__Supplied material__
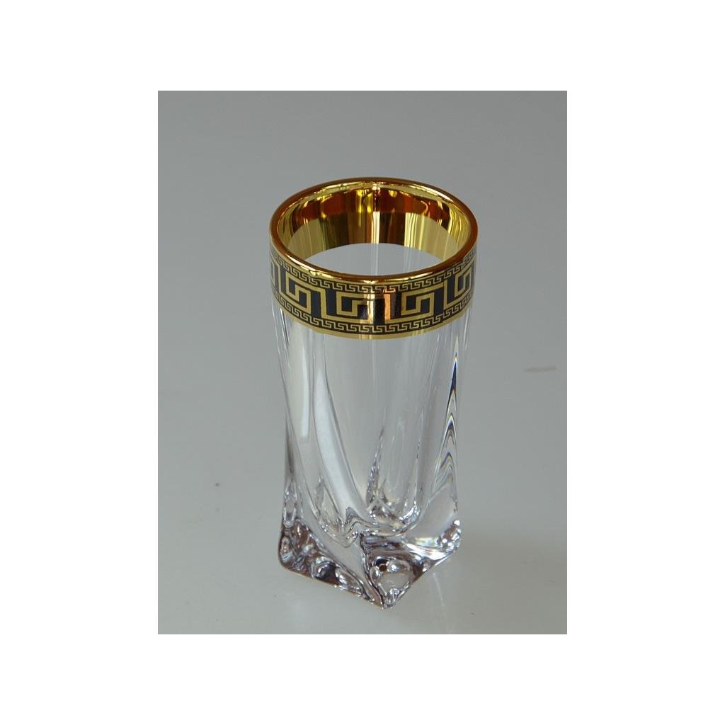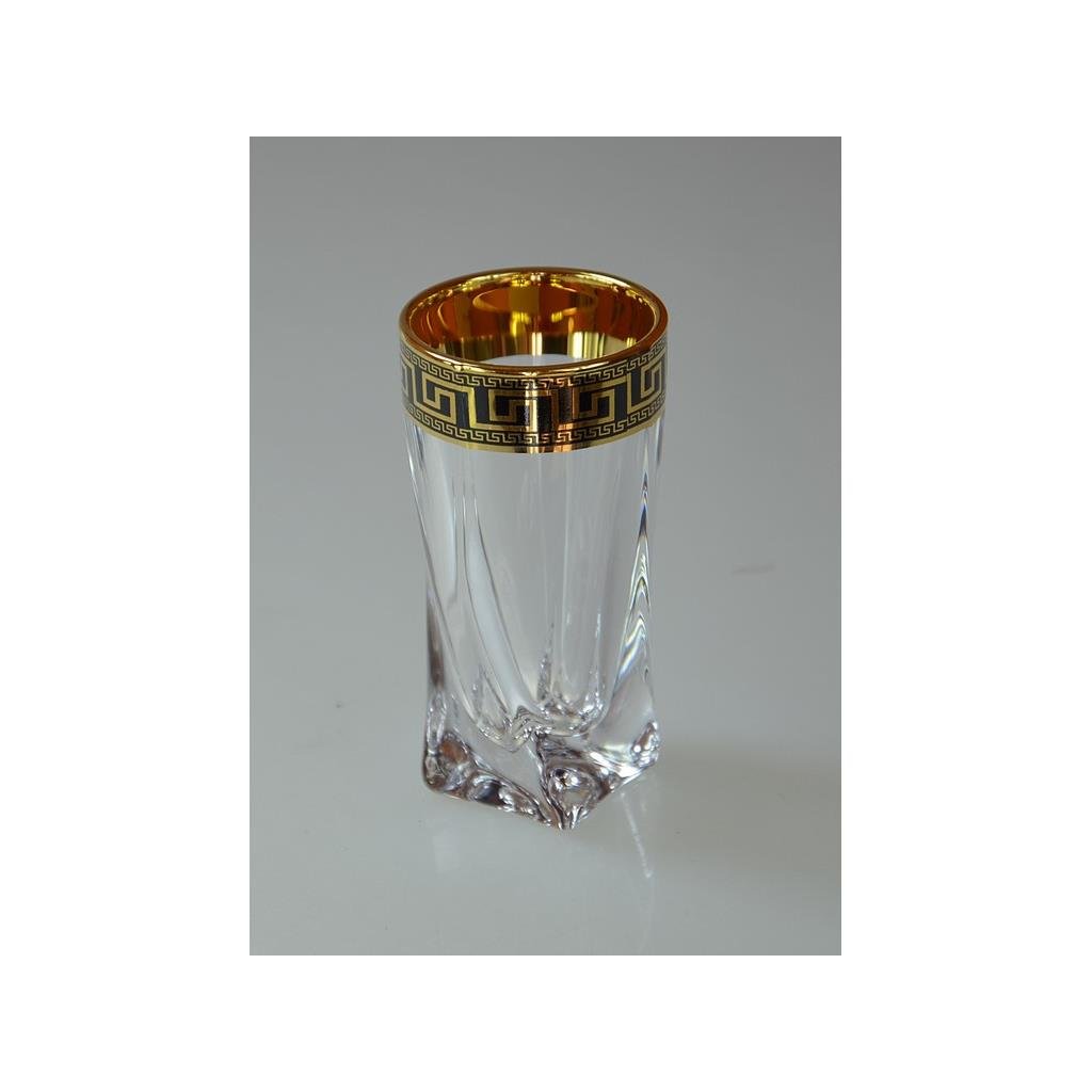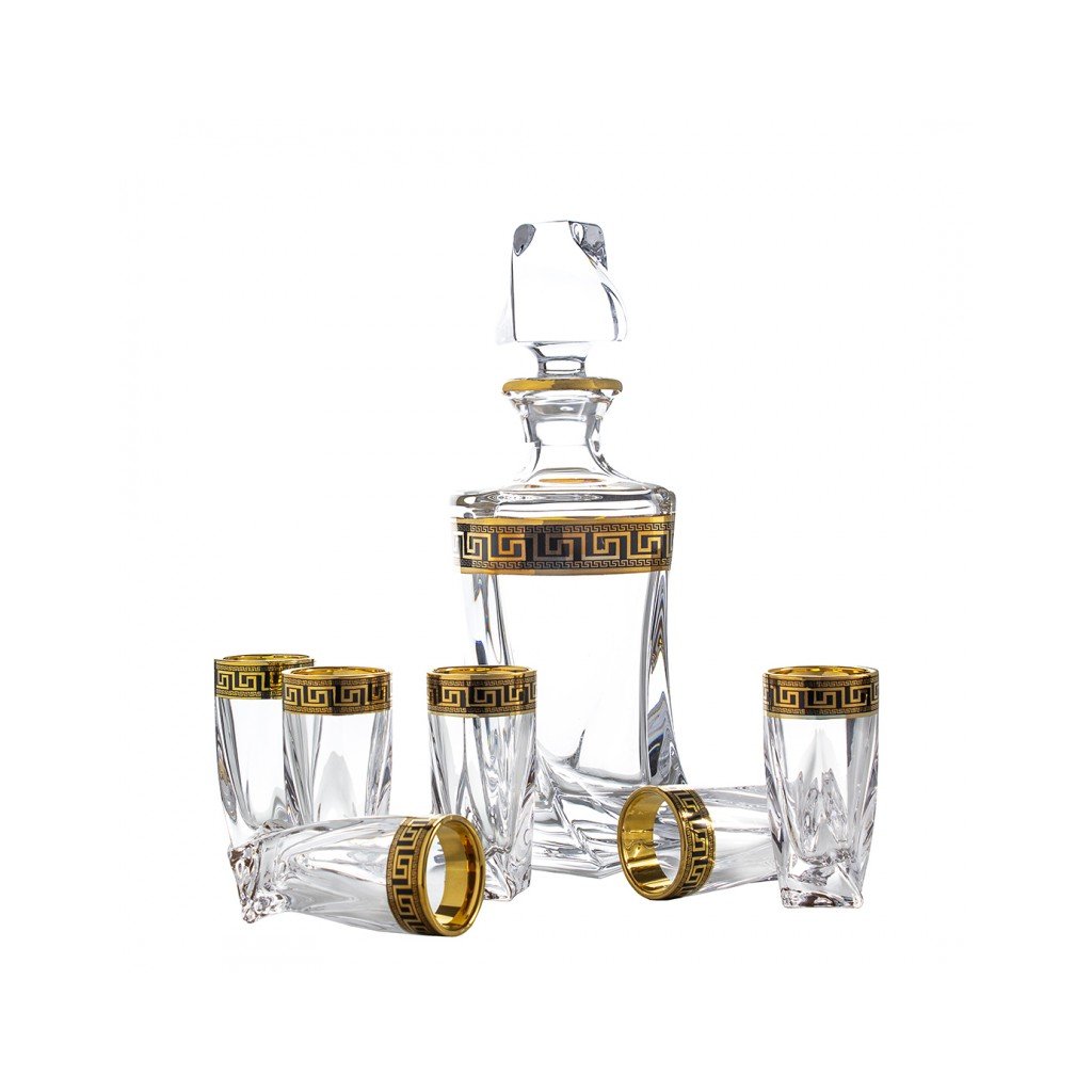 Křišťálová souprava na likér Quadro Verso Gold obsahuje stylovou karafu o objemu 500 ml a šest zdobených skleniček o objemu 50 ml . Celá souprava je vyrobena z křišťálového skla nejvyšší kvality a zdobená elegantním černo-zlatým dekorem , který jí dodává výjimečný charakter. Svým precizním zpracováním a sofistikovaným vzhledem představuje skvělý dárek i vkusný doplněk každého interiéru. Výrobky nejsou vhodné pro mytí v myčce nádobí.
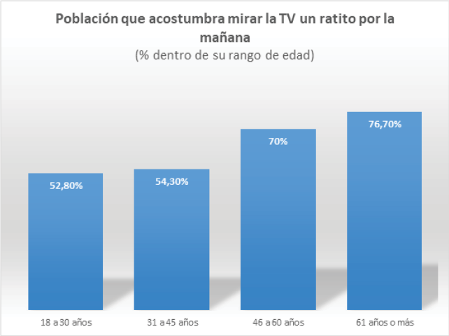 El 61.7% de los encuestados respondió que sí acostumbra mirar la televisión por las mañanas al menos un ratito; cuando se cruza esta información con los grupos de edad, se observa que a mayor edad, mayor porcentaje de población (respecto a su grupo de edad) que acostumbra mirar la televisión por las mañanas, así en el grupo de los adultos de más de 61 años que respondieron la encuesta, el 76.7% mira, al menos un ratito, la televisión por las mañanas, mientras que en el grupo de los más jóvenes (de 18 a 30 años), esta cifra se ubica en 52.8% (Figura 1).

--

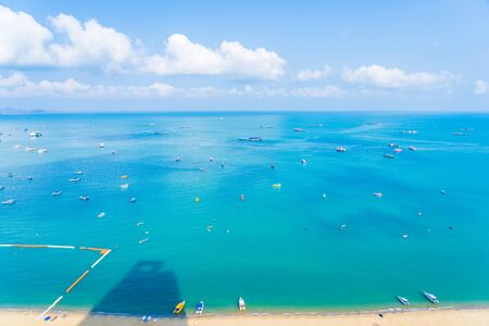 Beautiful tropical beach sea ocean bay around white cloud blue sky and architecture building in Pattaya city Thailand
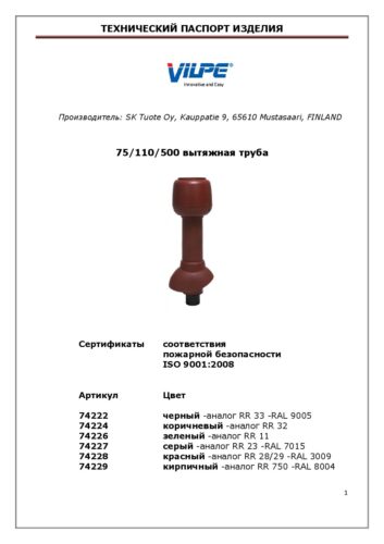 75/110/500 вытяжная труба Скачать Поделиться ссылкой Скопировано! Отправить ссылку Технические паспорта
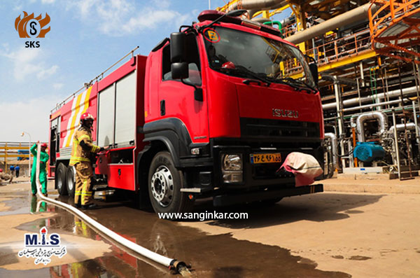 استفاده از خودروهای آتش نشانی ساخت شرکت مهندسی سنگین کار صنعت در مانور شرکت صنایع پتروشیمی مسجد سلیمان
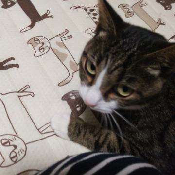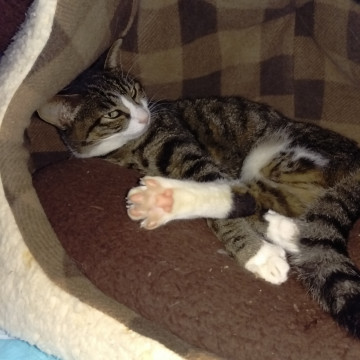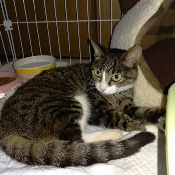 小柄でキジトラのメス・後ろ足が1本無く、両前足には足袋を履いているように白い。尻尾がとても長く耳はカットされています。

...

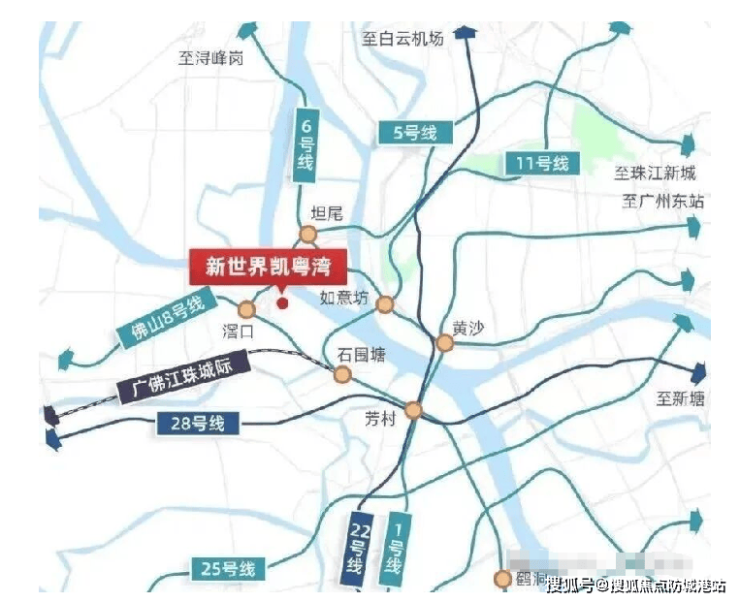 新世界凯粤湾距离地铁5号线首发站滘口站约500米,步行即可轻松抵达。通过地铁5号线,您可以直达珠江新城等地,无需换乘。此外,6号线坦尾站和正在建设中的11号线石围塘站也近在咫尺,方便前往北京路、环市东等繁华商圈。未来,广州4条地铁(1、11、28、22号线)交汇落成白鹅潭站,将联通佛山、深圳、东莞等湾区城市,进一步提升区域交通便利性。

__What you should do__
Exactly as written above, retype the lines starting at the one holding "Beautiful tropical beach" and ending at the one holding "小柄でキジトラのメス・後ろ足", both included, but not the pictures.

__Output__
 Beautiful tropical beach sea ocean bay around white cloud blue sky and architecture building in Pattaya city Thailand
 75/110/500 вытяжная труба Скачать Поделиться ссылкой Скопировано! Отправить ссылку Технические паспорта
 استفاده از خودروهای آتش نشانی ساخت شرکت مهندسی سنگین کار صنعت در مانور شرکت صنایع پتروشیمی مسجد سلیمان
 小柄でキジトラのメス・後ろ足が1本無く、両前足には足袋を履いているように白い。尻尾がとても長く耳はカットされています。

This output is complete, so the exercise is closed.